Although Chinese New Year is widely celebrated worldwide, each country can still have varying customs and traditions.
For individuals who might not be familiar with how Chinese New Year is celebrated, don’t fret because we have your back. Here’s a beginner’s guide to Singapore’s Chinese New Year celebration.
What is the Chinese New Year like in Singapore?
To start, Chinese New Year is a pretty grand occasion in Singapore. The festivities run from the last days of the Chinese calendar’s final month and end on the first month’s 15th day.
From grand light-up events, street bazaars, religious rituals, and family reunion dinners, you can expect to have a busy week with all the festivities involved in this occasion.
What are the common customs and traditions during this period?
Note that there’s no linear way to celebrate this festive occasion, so the customs and traditions for each household can significantly vary. For your reference, here are the typical customs and traditions they practice.
People visit temples to offer prayers to their ancestors and deities.
Paying respect and prayers to ancestors is an important part of the Chinese New Year’s celebration. Singaporeans also visit Chinese temples to light incense and ask the deities for good luck and blessings for the upcoming year.
People thoroughly clean the house to sweep away the bad luck.

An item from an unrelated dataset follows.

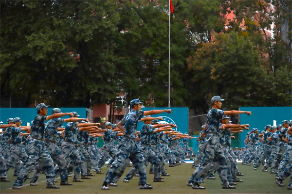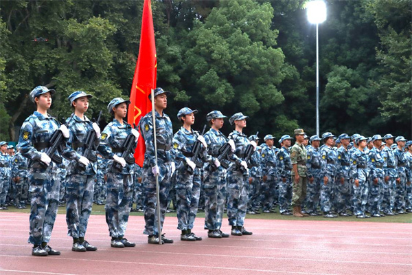 下午5点,各位领导、老师、来宾及新生们全部到场。军训团全体成员听从军训团团长王斌斌的指挥,迅速到位,排面标齐。获得赵凌云指示后,进行大会第一项,全体肃立,奏唱国歌。

Many people believe that thoroughly cleaning their house before the festival can help sweep away the past year’s bad luck and make their properties ready to receive the good fortune of the new year.
They go shopping.
After cleaning and decorating their house, many families go shopping. First on their shopping list is the variety of foods served during the reunion dinner.
Chinese people also believe that buying new items for their houses symbolizes welcoming new luck and getting ready for a fresh start. For this reason, many people shop for new items for their house, such as new upholstery, oven, television, loft bed, home decors, and more.
Families get together for a reunion dinner.
Even if there can be a variety of customs and traditions regarding Chinese New Year, family reunion dinners will always be one of the most important concerns. No matter how far each family member is, they would do their best to return home for this annual gathering.
Most of them enjoy a festive homemade dinner composed of many dishes with auspicious connotations. On the other hand, some families prefer to spend their reunion dinners in Chinese restaurants.
They exchange red envelopes or Hongbaos.
CNY celebrations will not be complete without exchanging gifts and red packets (Hongbao). However, ever since the pandemic, the Monetary Authority of Singapore (MAS) has encouraged people to send their Hongbao digitally.